Without the images, write out the entries word for word.

──────── Given records ────────

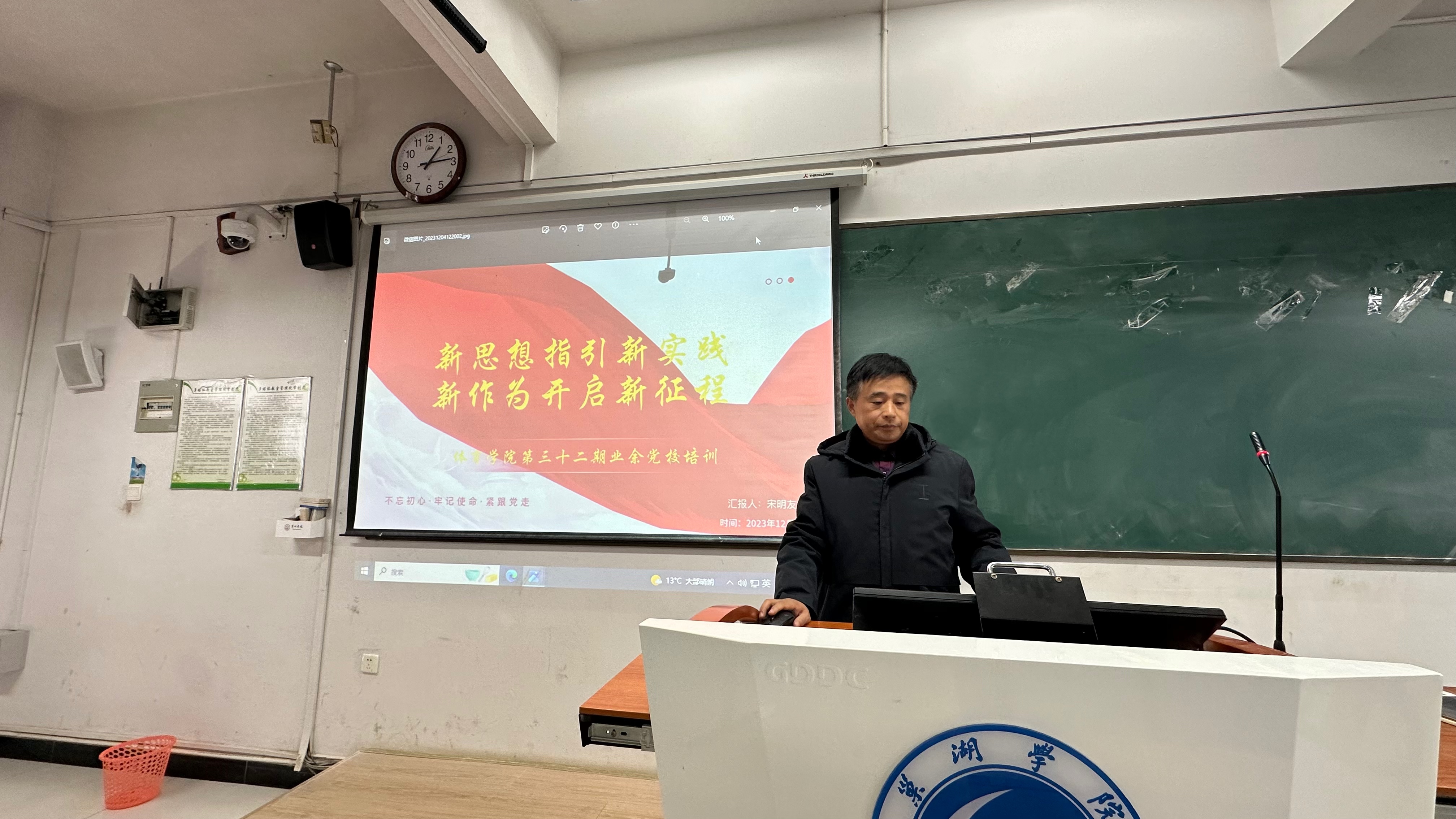 为全面深入开展学习贯彻习近平新时代中国特色社会主义思想主题教育,12月4日中午,体育学院党委书记宋明友在慎思楼中102教室为体育学院第32期党课培训学员上了一堂“新思想指引新实践,新作为开启新征程”的专题党课。学院第32期党课培训学员和发展对象积极响应号召,全员参加,学习新思想、坚定跟党走、建功新时代。
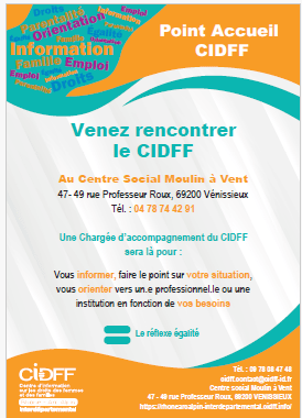 Le Centre d’information sur les Droits des Femmes et des Famille informe , oriente et accompagne le public , en priorité les femmes , dans les domaines de l’accès au droit , de la lutte contre les violences sexistes , de la création d’entreprise, de la sexualité et de la santé. Une chargée d’accompagnement vous accueille sur rendez-vous au 06 73 63 33 47, une fois par mois de 14h00 à 17h00 : 26 septembre , 8 octobre , 21 novembre , 16 décembre
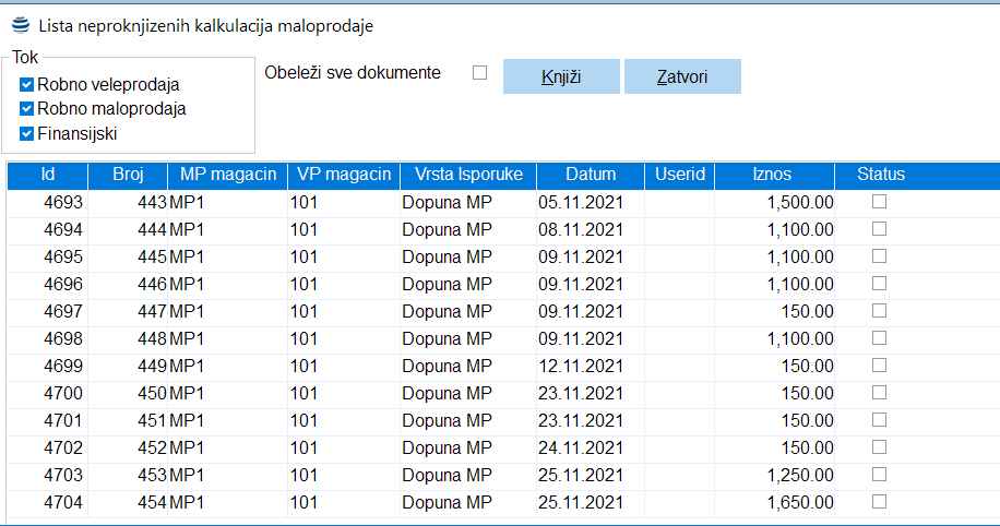 Knjiženje kalkulacija se može odraditi na dva načina jedan je nakon unosa dokumenta gde se u meniju sa alatkama izabere opcija Knjiži ili se u slučaju grupnog knjiženja više MP kalkulacija knjiženje vrši preko stavke menija Maloprodaja – Kalkulacija - Knjiženje
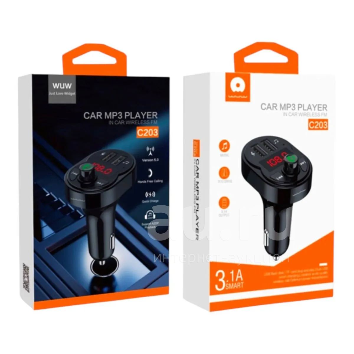 250руб.FM-МОДУЛЯТОР WUW C203 3.1A Black
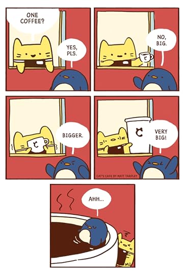 I've been a fan of Cat's Cafe since my barista friend introduced me to Tarpley's instagram a few months ago. After having seen his adorable, uplifting, and hilarious 4-8 panel comics, I knew I had to download this from NetGalley! And what a great decision it was, because Tarpley's comics are just adorable. From Cat's Cafe's beginning to the friendships all the characters have made, this comic collection makes for both a creative and sweet outlook on what it means to not only be a barista, but to be a part of a community.
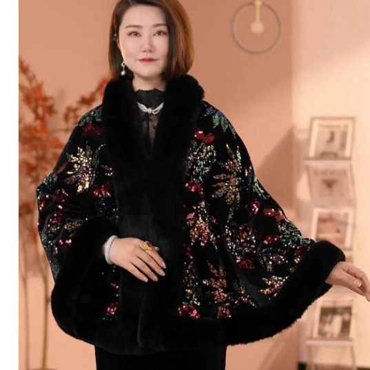 ragazza Ragazza 2023 Autunno Inverno Nuovo Cappotto con collo in pelliccia lavorato a maglia con paillettes, spesso e versatile, scialle in pelliccia

────────

- **Answer section**
 为全面深入开展学习贯彻习近平新时代中国特色社会主义思想主题教育,12月4日中午,体育学院党委书记宋明友在慎思楼中102教室为体育学院第32期党课培训学员上了一堂“新思想指引新实践,新作为开启新征程”的专题党课。学院第32期党课培训学员和发展对象积极响应号召,全员参加,学习新思想、坚定跟党走、建功新时代。
 Le Centre d’information sur les Droits des Femmes et des Famille informe , oriente et accompagne le public , en priorité les femmes , dans les domaines de l’accès au droit , de la lutte contre les violences sexistes , de la création d’entreprise, de la sexualité et de la santé. Une chargée d’accompagnement vous accueille sur rendez-vous au 06 73 63 33 47, une fois par mois de 14h00 à 17h00 : 26 septembre , 8 octobre , 21 novembre , 16 décembre
 Knjiženje kalkulacija se može odraditi na dva načina jedan je nakon unosa dokumenta gde se u meniju sa alatkama izabere opcija Knjiži ili se u slučaju grupnog knjiženja više MP kalkulacija knjiženje vrši preko stavke menija Maloprodaja – Kalkulacija - Knjiženje
 250руб.FM-МОДУЛЯТОР WUW C203 3.1A Black
 I've been a fan of Cat's Cafe since my barista friend introduced me to Tarpley's instagram a few months ago. After having seen his adorable, uplifting, and hilarious 4-8 panel comics, I knew I had to download this from NetGalley! And what a great decision it was, because Tarpley's comics are just adorable. From Cat's Cafe's beginning to the friendships all the characters have made, this comic collection makes for both a creative and sweet outlook on what it means to not only be a barista, but to be a part of a community.
 ragazza Ragazza 2023 Autunno Inverno Nuovo Cappotto con collo in pelliccia lavorato a maglia con paillettes, spesso e versatile, scialle in pelliccia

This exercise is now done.